Finding the money to start a business
There are many ways to fund a business, and each has its own risks, advantages and disadvantages. Atkinson Accountancy has a unique perspective on this aspect of business, its Managing Director being a banker, corporate financier and accountant. Below are some of the ways we can help you secure funds for your company.
Grants
The first place you should look for funding is via a grant. There are many different types of grant, but many are difficult to get so you will need to do your homework and prepare a good business case. Your local Business Link can help with information on the grants you might qualify for.
Using your own assets
If you have capital such as savings, or equity in your home or pension, you can use these to finance your business. If you want to raise funds from a lender, they may want to see you invest your own capital first.
Be very careful when using your home or other essential asset to finance a business. By taking out additional funds on your property you will be required to pay back more in the way of interest, which, should your business find itself in cashflow difficulties may mean you default on your mortgage payments, ultimately resulting in having your house repossessed. Consider what the loss of your property would mean to you and your family, and build mortgage repayments into your business and financial plans. Losing your business is bad enough, but losing your home is heartbreaking. Protect yourself with insurance and seek professional financial advice before releasing equity.
Borrow the money from friends
Many people fund their business with goodwill loans or investment from friends or family. It’s a great way to secure capital and could mean a nice return for them in interest or dividends when your business blooms.
However, you cannot risk personal friendships and relationships over something like money, so protect your interests and theirs with proper documentation, outlining how much you are borrowing, under what terms, and how much interest is payable. If necessary, seek professional advice to help you draw up this document so all parties are aware of the terms of the deal.
Ask your bank
There are two ways to borrow from a bank: overdraft, or loan.
An overdraft is a quick fix if you are in a tight spot financially. The bank will let your business borrow a fixed amount without notice and you pay interest daily. The advantage is that you only pay interest on what you borrow, so you can use it as a flexible cushion for difficult periods. However, it is an expensive way to borrow and should not be used as a long-term financing option. Overdrafts usually last one year before being renewed. The bank often have the right to withdraw the overdraft at any point which means your business could be at risk if over-reliant on an overdraft
A bank loan is an excellent way to raise capital if you can offer security. Be very wary of how a bank structures these loans, and the terms of the loan as you may find a nasty sting in the tail later down the line (be sure to ask us, or your current accountant about the joys cross-default clauses – if they can’t answer you, come and ask us – this is a critical aspect of bank financing that you really need to be aware of)
However, if you can prove a steady cash flow, your bank may offer you a small unsecured loan, but you will need to make the monthly repayments regardless of how your business is performing.
Credit card
Credit and charge cards are a flexible and convenient short-term method of paying bills or buying supplies, but can be a very expensive way to borrow if the full balance is not paid off monthly. You are likely to write fewer cheques, which will reduce your banking charges, but the APR of most credit cards means expensive interest repayments if you can’t meet the whole amount.
Credit cards do offer you a certain amount of protection when you buy items.
Business angels
A business angel is a private individual who is willing to provide funding in a small business in return for shares in your company (and therefore a share of the profits). Many business angels are a great source of wisdom and business knowledge and are more like an informal partner than an investor. To consider your business attractive, they will want to see a comprehensive business plan and evidence that your business is viable.
Talk to your local Business Link for more information on how to attract a business angel.
Find a venture capitalist
Venture capitalists (VCs) are professionally-run fund management companies who invest in your company in return for shares and a say in the running of the business (usually in the form of a seat on the board).
Investors demand hefty minimum returns of between 30% and 40% per annum over five years and will be looking for new opportunities in proven markets, so you need to ensure your idea is a viable and dynamic one.

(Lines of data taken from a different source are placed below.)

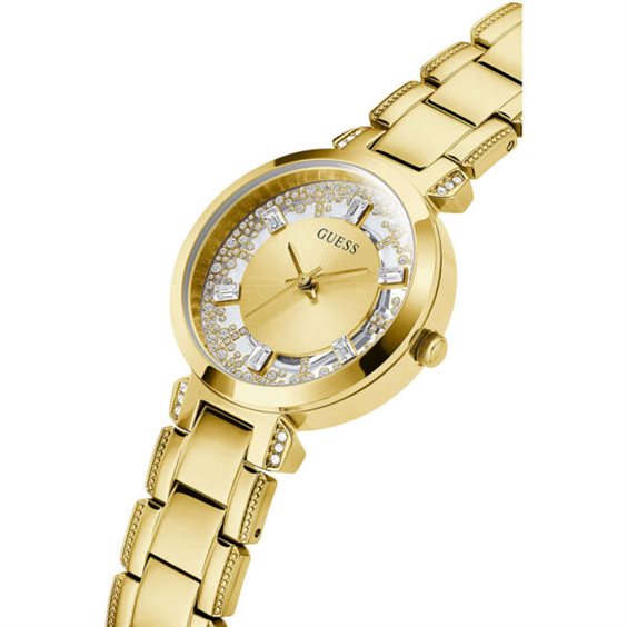 Collezione: Crystal Clear Colore Quadrante: Oro Materiale Cinturino: Acciaio Materiale Cassa: Acciaio Dimensione della Cassa: 33mm Resistenza all’acqua: 30m – 3ATM – 3bar Movimento: Quarzo Funzioni: Impermeabile Colore del Cinturino: Oro Chiusura del Cinturino: Deployante Indici: A Bastoni Forma Orologio: Rotonda
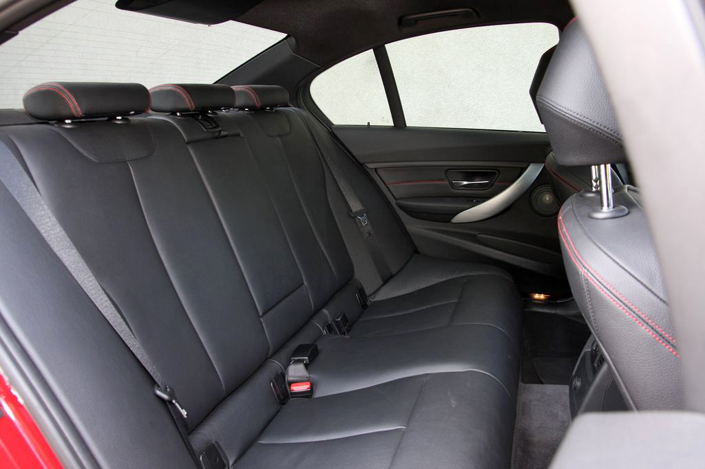 A karosszériára fölösleges sok szót fecsérelni a 320d tesztje után, nagy vonalakban elmondható, hogy az utastér a korábbihoz mérten érezhetően nőtt, főként a hátsó lábtér lett nagyobb, a változtatható laphosszúságú sportülések kevéssel komfortosabbak, mint a hagyományosak, de azért nem hozzák a Citroën DS3 Racing székeinek szintjét. A kidolgozás minőségi, ám fölösleges minőségérzetnek nyoma sincs. Az ajtók kissé nehezen záródnak, a csomagtéré az opciós kulcs nélküli nyitórendszerrel elvileg láblendítésre is nyílik - messze nem minden esetben, sötét árnyékban például szinte soha. Bár a csomagtér 480 literes űrméretével nem rossz, lapos és kissé nehezen pakolható, közben pedig fejünkre is vigyázni kell, ugyanis a csomagtér kiálló zárja kellemetlen meglepetést okozhat.
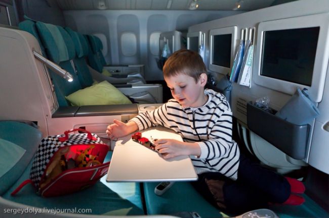 Напередодні Нового року рейси з Сеула були напівпорожні, тому ми були самі в салоні літака т та почувалися як вдома:
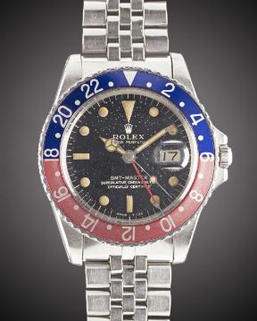 A RARE GENTLEMAN'S STAINLESS STEEL ROLEX OYSTER PERPETUAL GMT MASTER BRACELET WATCHCIRCA 1966, REF. 1675 WITH GLOSS BLACK GILT DIAL & SMALL ARROW GMT HANDMovement: 26J, automatic chronometer, cal. 1570, signed Montres Rolex S.A., numbered.Case: Diameter approx. 40mm, Oyster case, signed Montres Rolex S.A., dated IV.65, numbered 1,3xx,xxx, 24 hour rotating "Pepsi" bezel, Rolex crown.Bracelet: Rolex Jubilee bracelet, numbered 6251H/55, dated 8.72.CONDITION REPORTDial: Original dial in good condition, showing signs of age.Movement: Running at present.Case: In good condition, with small scratches due to general use, some dents to outer edge of case back. Strap/Bracelet: In good condition, with some wear due to general use.The timekeeping and accuracy of this watch has not been tested, therefore cannot be guaranteed.
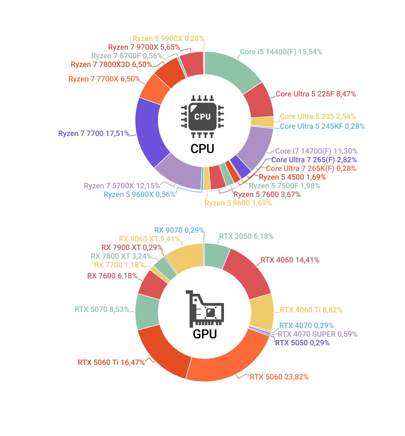 NvidiaならRTX 5060/5060 Ti/5070のミドルレンジ、AMDはRX 9060 XTが最新世代として多くなっています。
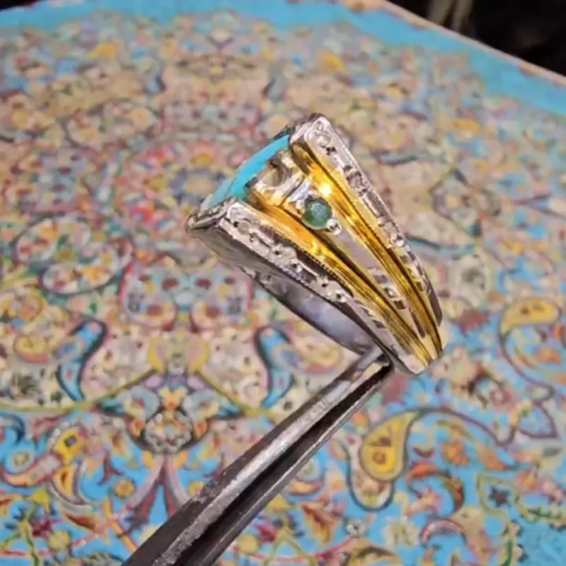 انگشتر فیروزه نیشابوری اصلی مخراج زمردزامبیا وبرلیان اصلی رکاب نقره دستساز نقره عیار 925ارسال رایگان
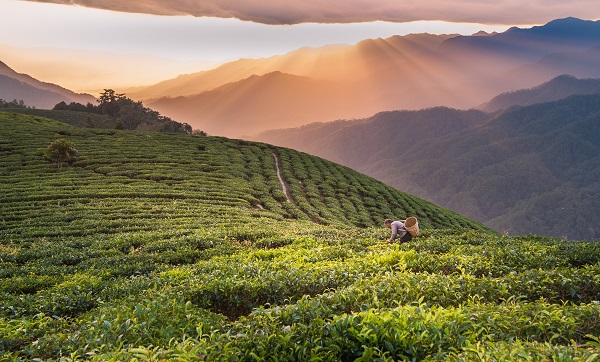 初秋的清晨,高低起伏的山巒上大片大片的茶園郁郁蔥蔥,茶農(nóng)背起背簍正忙著采摘白露茶。(思明 攝)
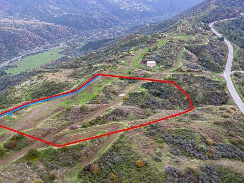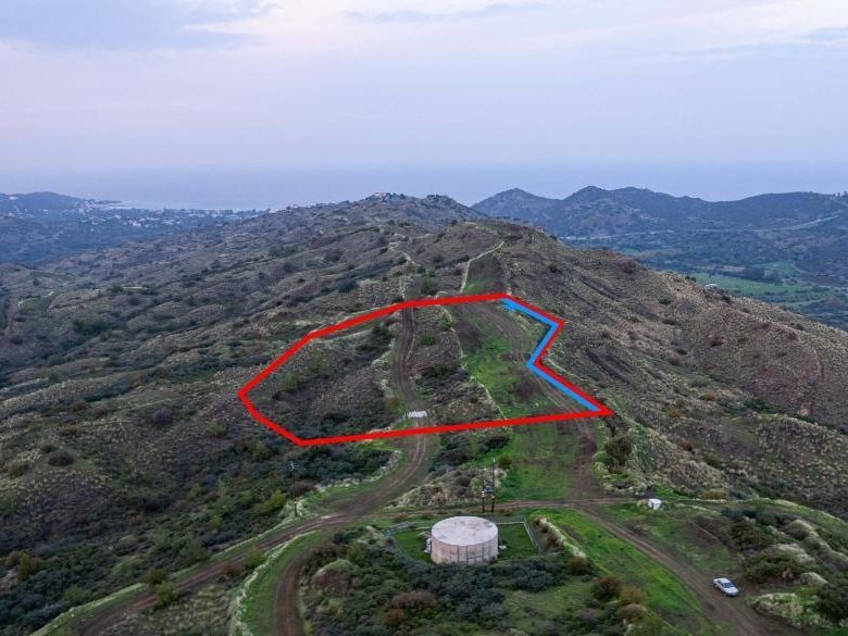 The property is a shared (50%) agricultural field in Pano Pyrgos. It is located 1,3km from the centre of the community, 1,4km from Profitis Elias church and 65m from the main road of Pano Pyrgos – Nicosia. The field has a total area of 9,365sqm and a part of the field, approximately 918sqm, has been requisitioned (marked in blue). The corresponding area is approximately 4,224sqm.
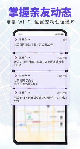 全自动记录家人的行踪、手机电量、Wi-Fi连接情况及运动状态,实时绘制移动轨迹,让您一切尽在掌握。
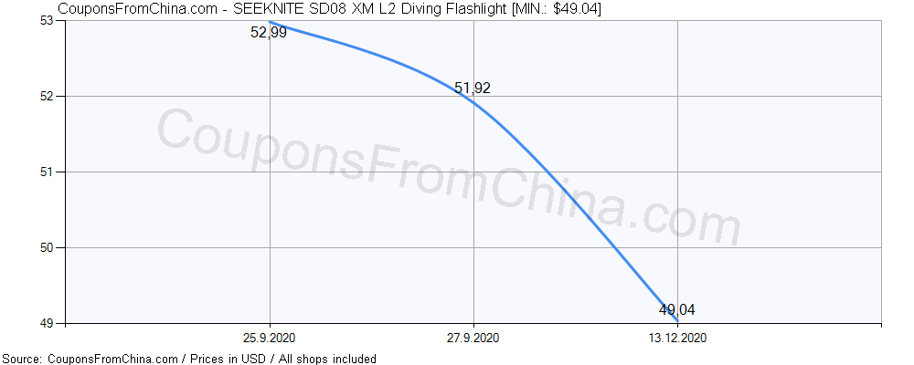 Here is price history (for all/most countries) for SEEKNITE SD08 XM L2 Diving Flashlight. The lowest price was: $49.04.
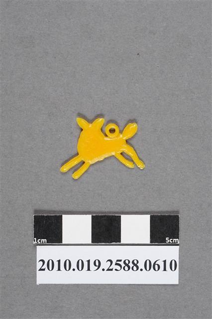 1.本物件為鹿造型尪仔仙,為黃色塑膠材質。外型為鹿,因頭上無角,可能為雌鹿或幼鹿。姿勢為邊向前跳躍邊回頭,頭部有一對尖耳、眼睛及嘴,但眼睛及嘴的位置並不正確。背上有圓形環,臀部有尾,腹部有射出痕,四肢末端均有殘膠。物件背面平整,無細部結構。本系列尪仔仙多為相同塑膠模版,僅有顏色不同,或是同色同塑膠模版等形式。
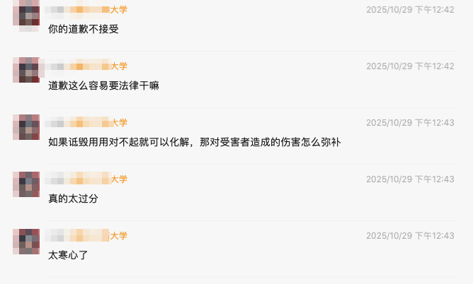 但眼泪并未招来同情,很多网友并没有放过他们:“知道错了就能轻易原谅吗?”、“孩子小不是挡箭牌,尊师重道是最基本的底线。”
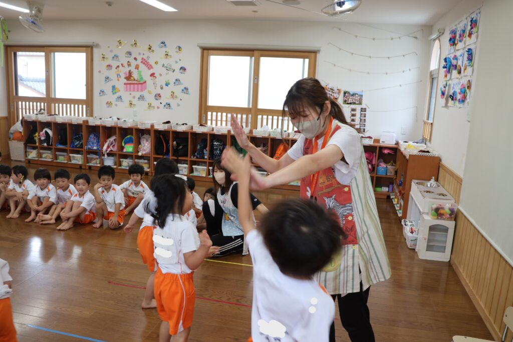 先生が,「おおかみだ。」と言いながらやってきました。お友達を連れていこうとすると,みんなで一生懸命助け合っていました。必死になって,お友達を守っていました。この遊びでも,協力することの大切さを学んだようです。
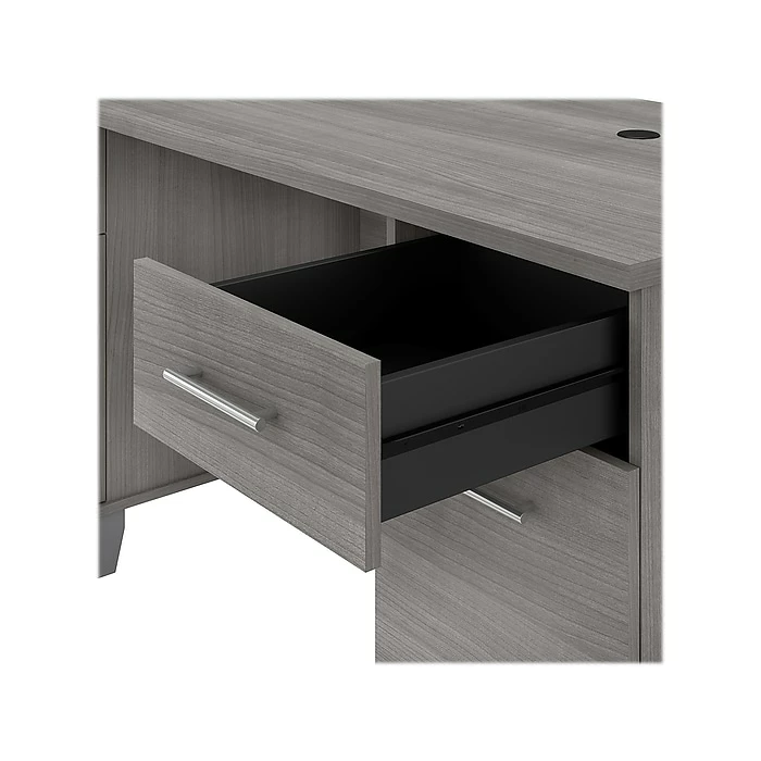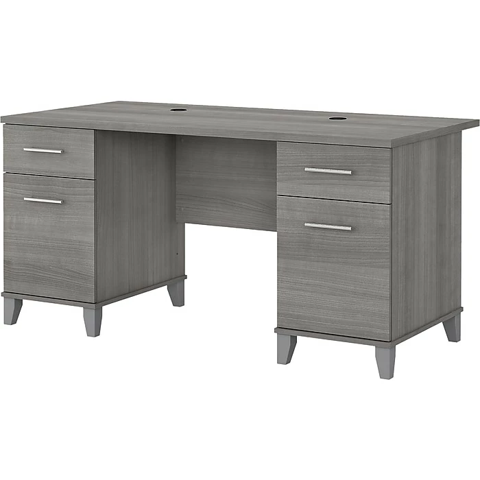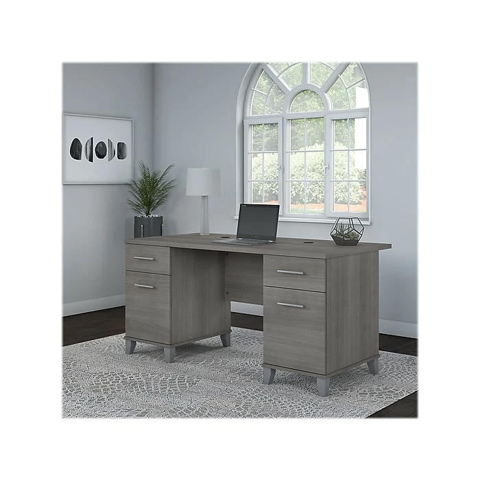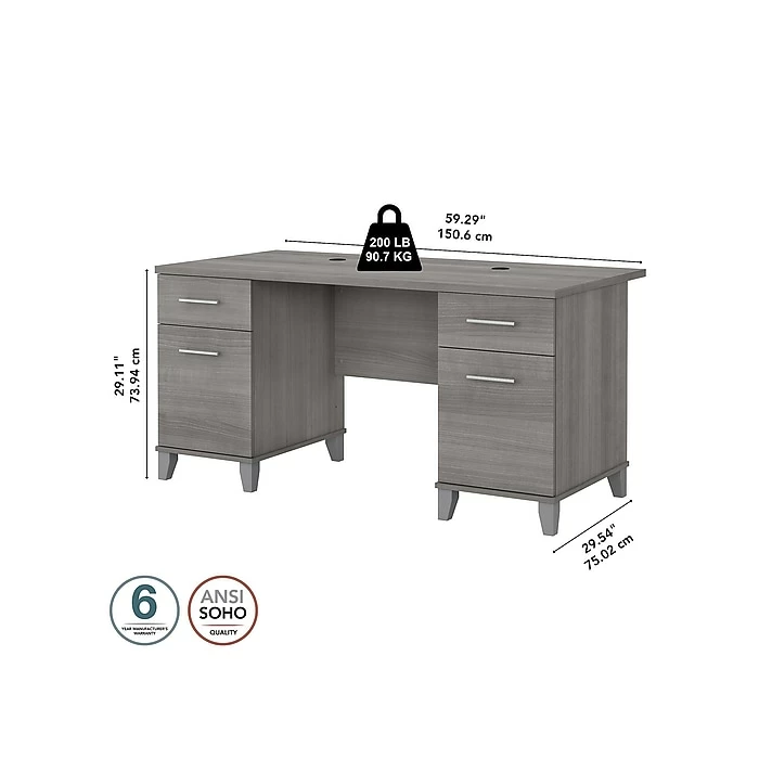 Make the best use of your workspace with the Bush Furniture Somerset 60″W office desk. A perfect choice for your home office, the extended surface provides plenty of room to spread out and features built-in wire management grommets to keep cords in order. Stay organized with two box drawers to house miscellaneous office supplies and two file drawers with smooth ball bearing slides for storing letter-sized documents. The desk in transitional styling offers tapered leg accents, an elegant finish, and contemporary metal hardware for an alluring appearance. This computer desk with drawers is tested to meet ANSI/SOHO quality standards for safety and performance and is backed by the Bush Furniture 6-year manufacturer limited warranty. See the full Somerset collection for coordinating items to complete your personal workspace. American-made with US and imported parts.
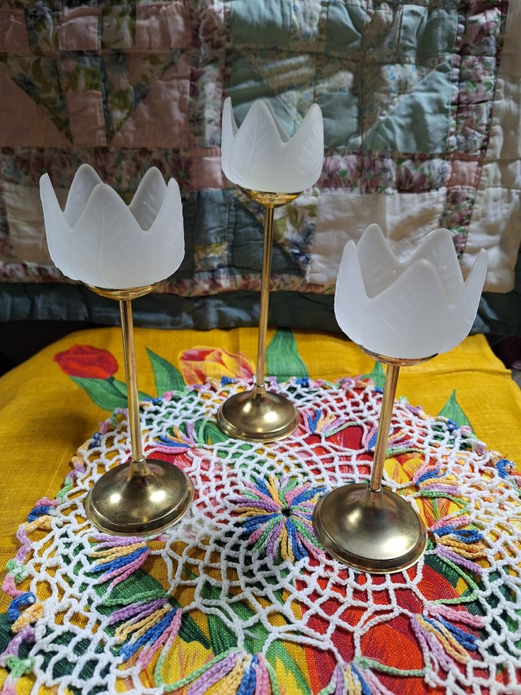 Brass Frosted Tulip Glass Tea Light Holder for Candles
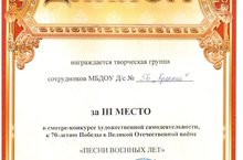 7 апреля на базе МБДОУ "Детского сада общеразвивающего вида №58 "Шаян нәниләр" г. Альметьевска состоялся смотр- конкурс инсценированной песни "ПЕСНИ ВОЕННЫХ ЛЕТ" среди сотрудников дошкольных образовательных учереждений Альметьевского муниципального района, где участвовала наша творческая группа "ЛЮБАВА" нашего детского сада и заняли III место поздравляем !!!
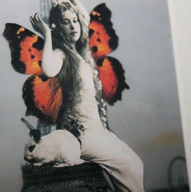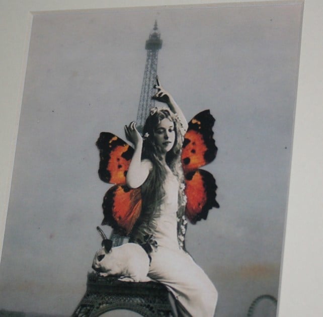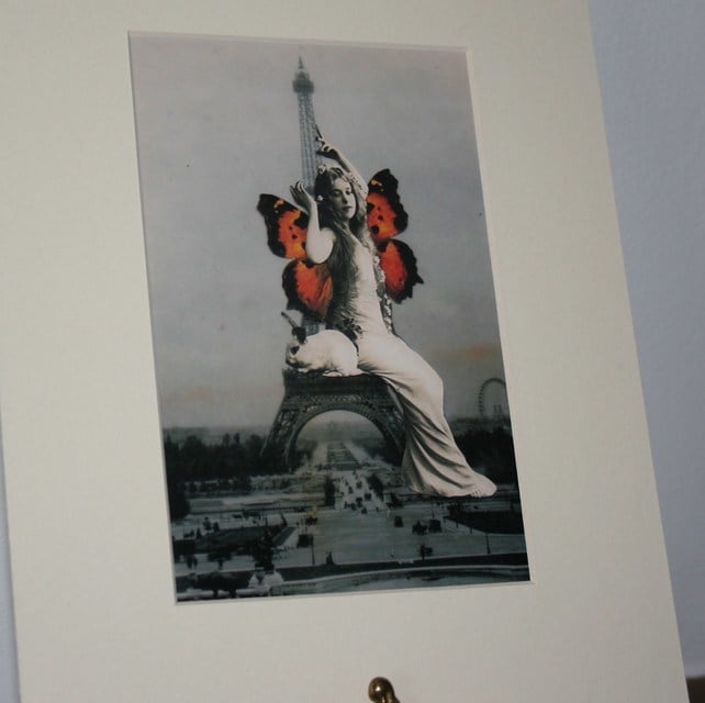 I bought an old photo of the Parisian Tower from a local antiques market. I also love old photos of vinatge women so I combined the 2 using photo editing to make this surreal image of a giant fairy reclining across the Eiffel Tower.
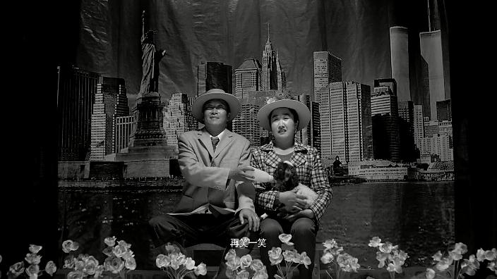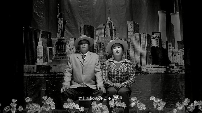 在照相馆里,穿着西装,坐在纽约自由女神背景布前拍结婚照的新人,一脸尴尬与不自然。
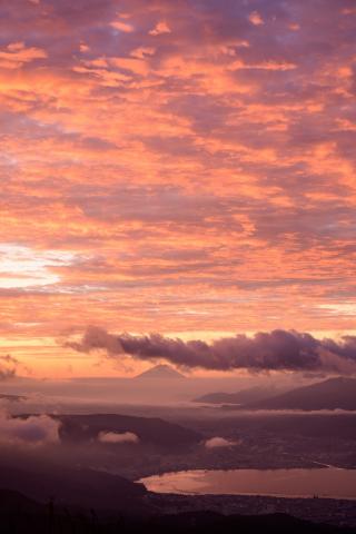 強風で霧が流れると目の前には広い朝焼けの景色が表れたのでした。
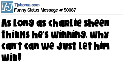 X is as long as charlie sheen thinks he's winning, why can't can we just let him win?
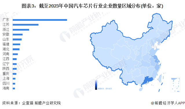 3、汽车芯片产业链企业区域热力地图:东南沿海地区集聚
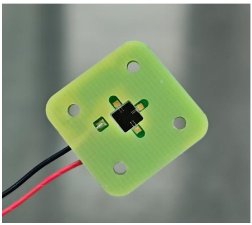 图3.采用钛/铂/金电极结构并采用航空级FR4封装的金刚石探测器实物照片

They typically do not invest in ‘lifestyle businesses’, but are looking to get in at the ground level with new and exciting businesses with large growth potential.
Their terms and conditions can be complicated and onerous. Should you be seeking VC funding you are very very strongly recommended to seek the best professional advice you can afford
For information of users: This material is published for the information of clients. It provides only an overview of the regulations in force at the date of publication, and no action should be taken without consulting the detailed legislation or seeking professional advice. Therefore no responsibility for loss occasioned by any person acting or refraining from action as a result of the material can be accepted by the authors or the firm.